Katıldığım tüm kitap fuarlarında tespit ettiğim bazı konuları sizinle paylaşmak istiyorum. Sonrada yazar arkadaşlarımızın kendilerinin de biraz empati yapmasını rica edeceğim. Neden kitaplar yeteri kadar ilgi görmüyor (bazılarına göre satmıyor.)
Kitap fuarların genelinde özellikle ilköğretim, orta öğretim öğrencilerini fuar getiren ve çocuklara eşlik eden öğretmenlerin kitaplara dokunmamaları konusunda uyarıda bulunmaları. Yani çocukları kitap fuarında bile kitaplardan uzak durmaya yönlendiren öğretmenlerimiz var. Bunun tam tersi olması gerekmez mi? ‘Çocuklar, kitapları elinize alın, kapaklarını inceleyin, varsa yazarı ile sohbet edin’ gibi çocukları yönlendirmeleri gerekmez mi?
Elbette doğru olan çocukların kitapları incelemesi, kapaklara bakması, fikrini söylemesi vb. sıralayabiliriz. Öğretmenlerimizin bu davranışlarının doğru olmadığını söyledim. Şimdi yazar tarafından bakalım ve Öğretmenlerin çocuklara neden bu şekilde öneride bulundukları, kitaplardan ve yazarlarından uzaklaştırmaya çalıştıkları. Evet bunu da gözlemledim. Konu sadece öğretmenlerimiz değil. Yazar ve şairlerin de kısmi hataları var. Neler mi?
Öncelikle bir yazar ve şair enflasyonu olduğunu belirtmem gerek. Artık parayı veren herkes yazdıklarını kitap haline getirebiliyor. Kitabı olan kişi yazar ise onlarda yazar sınıfına dahil oluyorlar.
Ancak bazı yazarlar gerçekten bu dünyada bir eseri bulunsun istiyor. Bir sosyal mesaja değinmek istiyor. Edebiyata katkı sunmak istiyor. Çalışmalarını bu gibi sebeplerle kitaplaştırıyor.

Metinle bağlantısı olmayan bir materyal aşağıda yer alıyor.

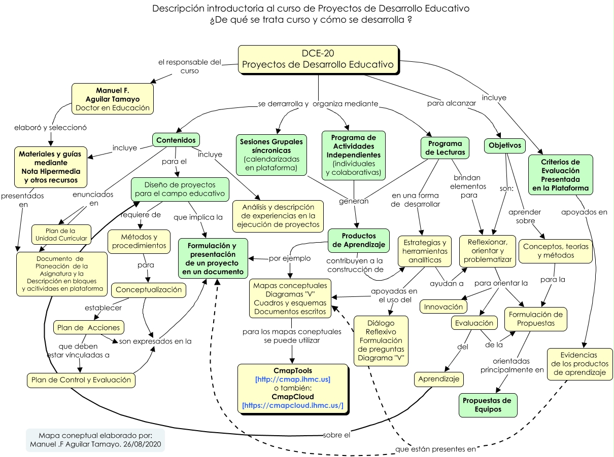 Este Cmap, tiene información relacionada con: 2020 Desarrollo de Proyectos Educativos Licenciatura, DCE-20 Proyectos de Desarrollo Educativo para alcanzar Objetivos, Contenidos para el Diseño de proyectos para el campo educativo, Estrategias y herramientas analíticas apoyadas en el uso del Diálogo Reflexivo Formulación de preguntas Diagrama "V", Sesiones Grupales síncronicas (calendarizadas en plataforma) generan Productos de Aprendizaje, Estrategias y herramientas analíticas apoyadas en el uso del Mapas conceptuales Diagramas "V" Cuadros y esquemas Documentos escritos, Materiales y guías mediante Nota Hipermedia y otros recursos presentados en Documento de Planeación de la Asignatura y la Descripción en bloques y acitividaes en plataforma, Manuel F. Aguilar Tamayo Doctor en Educación elaboró y seleccionó Materiales y guías mediante Nota Hipermedia y otros recursos, Contenidos enunciados en Documento de Planeación de la Asignatura y la Descripción en bloques y acitividaes en plataforma, Plan de Acciones que deben estar vínculadas a Plan de Control y Evaluación, Formulación de Propuestas orientadas principalmente en Propuestas de Equipos, Objetivos son: Reflexionar, orientar y problematizar, Productos de Aprendizaje contribuyen a la construcción de Estrategias y herramientas analíticas, DCE-20 Proyectos de Desarrollo Educativo se derrarrolla y organiza mediante Programa de Lecturas, Contenidos incluye Materiales y guías mediante Nota Hipermedia y otros recursos, DCE-20 Proyectos de Desarrollo Educativo el responsable del curso Manuel F. Aguilar Tamayo Doctor en Educación, Productos de Aprendizaje por ejemplo Formulación y presentación de un proyecto en un documento, Aprendizaje sobre el Diseño de proyectos para el campo educativo, Conceptualización son expresados en la Formulación y presentación de un proyecto en un documento, Evidencias de los productos de aprendizaje que están presentes en Mapas conceptuales Diagramas "V" Cuadros y esquemas Documentos escritos, Mapas conceptuales Diagramas "V" Cuadros y esquemas Documentos escritos para los mapas coneptuales se puede utilizar CmapTools [http://cmap.ihmc.us] o también: CmapCloud [https://cmapcloud.ihmc.us/]

Bence gerçek yazar olduklarını düşündüğüm sınıf bu sınıf yazarlar.
Birde her ne olursa olsun yazdıklarını kitap haline getirerek kitap satma savaşına girişenler var. Ben biraz burada bu arkadaşların yazarlıkları konusunda düşünceliyim. Pek katılamıyorum onlara. Bu yazar grubuna girenler yazdıkları kitapların içerikleri ile değil, fuar ve kitap etkinliklerinden her önüne gelene kitap satma savaşı ile tanınıyorlar. Zaten her yerde bu tip yazarlar göze batmakta ve gerçekten eser bırakmak için emek veren yazarlar tarafından kınanmaktadırlar. Sadece kitap satmak ve para kazanmak isteyenlerin kendilerince haklı sebepleri olabilir saygı duyarım. Ancak işte bu arkadaşlar hiçbir yaş grubu gözetmeden sadece kitabının satılmasını birinci öncelik gördüklerinden, öğretmen arkadaşlarımızın da bu davranışları tespit ettiklerinden bazı kitap stantlarından öğrencileri uzaklaştırmaktalar.
Yani bir korku romanı yazarının, ilköğretim okulunda öğrenci olan bir çocuğa kitabını imzalamaması gerektiğini söylemek istiyorum. Daha okumayı öğrenmemiş bir çocuğa siz 200 sayfa şiir kitabını satmaya kalkarsanız bu etik olmaz. Siz sadece kitabın parasını almaya çalışıyor olursunuz. Bu bence yazarlık değil. Bu örnekleri çoğaltmak mümkün ancak yeterli olduğunu düşünüyorum. Umarım hem yazarlarımız hep öğretmenlerimiz konuyu anlamışlardır.
Yazarlarımız eserlerini mutlaka uygun yaş grubu öğrencilere imzalamalı, yaş grubu uygun değilse başka bir kitaba yönlendirmeli, işte gerçek yazar bu davranışları sergilemeli. Öğretmenlerimizden de ricam, lütfen fuarlarda çocukları rahat bırakın kitapları incelesinler yazarları ile sohbet etsinler.
Kitap okumadan geçen her gün bir kayıp. Bol bol okumalı her gün birkaç sayfada olsa okuyarak okuma alışkanlığı edinmeli veya okuma alışkanlığımızı geliştirmeliyiz.